The slaughterhouse looks like a horror movie – red walls from five feet down, heavy-looking metal doors on sliders, the municipality butchers wearing long aprons. They are blindingly white, and the men carry the sharpest knives I’ve seen. They are acute as triangles, sharpening their edges on tinny plates.
Outside, eighty-odd pigs lie on top of each other in pens. It’s night, so they sleep now while they wait. They will be let in, three at a time, to the holding pen indoors where they will be systematically killed, taken apart, and made ready for the morning’s meat market.
This is your meat, your meal tomorrow, and it’s beginning to snore.
We CIEE students are the witnesses. The Follow the Food activity has raised awareness in our consumption, but probably none of the groups has had as emotional an impact on us. The meat group isn’t even my own. I decided to join them because I thought, as a sometimes carnivore, I should face the reality of slaughter. Now I stand here rethinking my decision. The air is smothering and smells like the foulest outhouse you can imagine. I guess this is what death smells like.
Yesterday, the meat group watched a cow die. I spoke with select members of the group hours after it had happened and something was shaken. Tess showed me pictures of the whole thing. As she was flipping through her camera’s photos and video, she mentioned how viewing through the camera lens had allowed her to feel detatched. A picture of the moment of death. She shrugs. It’s a screen, she explains. It doesn’t feel real.
For a moment I am reminded of a novel I read in Germany, Homo Faber. As the narrator transforms from a disconnected, self-repressed man to a feeler of emotions, he transforms his view of the world from behind to in front of a lens. The screen acts as a barrier; it’s called a “screen” isn’t it?
The pigs are getting restless, they know what’s coming. How could they not? The butchers are excited. It’s not that they’re blood-thirsty. This is their job, and we farang are interested in it. The fact that we care is important. They will make it a good night.
A butcher walks into the pen, holding a thick steel pipe. He corners a pig, kicks the others aside, and bludgeons the animal. The pig goes down. Swiftly one man holds down the unconscious animal, one slits the throat, and another catches the blood in a bag. As the blood is draining, they apply pressure to the stomach to hasten the process. Air escaping the throat passes between the vocal chords and they vibrate. Pig’s swan song, a hoarse call, rushes out, first high-pitched then falling until it fades away. This animal’s life is over, but it will now serve another purpose.

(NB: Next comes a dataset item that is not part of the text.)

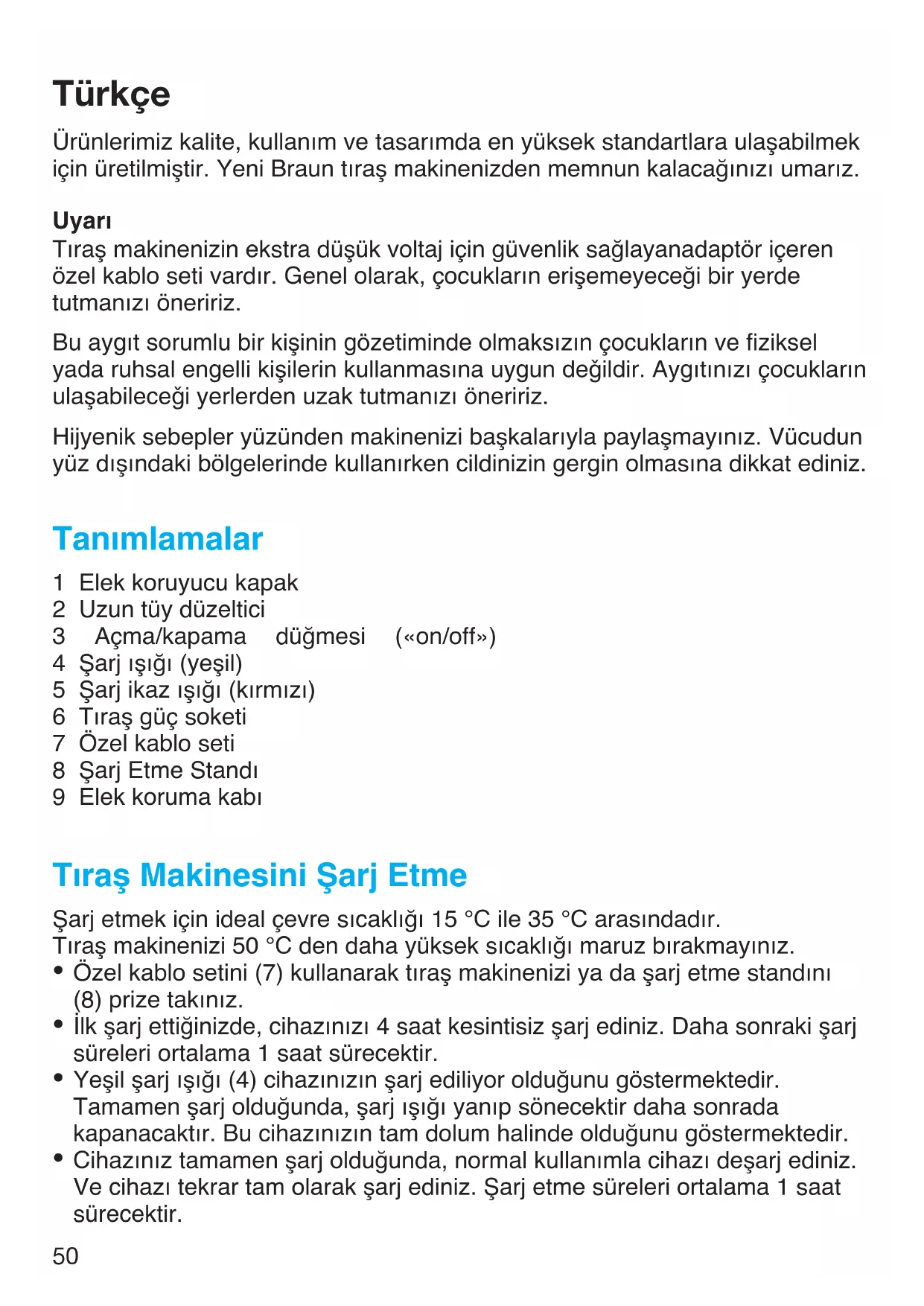 Tıraş makinenizi 50 °C den daha yüksek sıcaklığı maruz bırakmayınız.

They dip the pig into a vat of boiling water to scald the hair off. The butchers use their knives to shave the hair. Suddenly, the head is removed, the pig hung upside-down from its feet, and the meat is gradually transformed from animal to meat. Corpse to commodity.
It is a difficult event to witness. It may have been the close air, or the fact that I’ve never before seen something so animal-like die, but at several points I become short of breath and feel faint. I step outside and crouch down while the blood returns to my face. People are mostly quiet. We all are affected – no denying that. Some cry, some disconnect, some just stare.
Afterwards we discuss, trying to make sense of it. It’s respectful in that these butchers take pride in their work. I hear at the cow slaughter, they wai-ed, or bowed, to the animal before killing it. Alejandro describes it as a sort of dance, and that’s kind of true, a ritual at least.
I am a vegetarian, and will continue to be one for the foreseeable future. My reasons are varied and multi-faced, but I now have learned this has nothing to do with the experience tonight at the slaughterhouse. Animals will eat other animals. As long as the process is not disrespectful and clean, I’ve come to terms with it.
Whatever your views on the subject, I think it is an incredibly fascinating experience. If you get the chance, give some consideration to going. Examine your food – be it meat, tofu, or Coca-cola.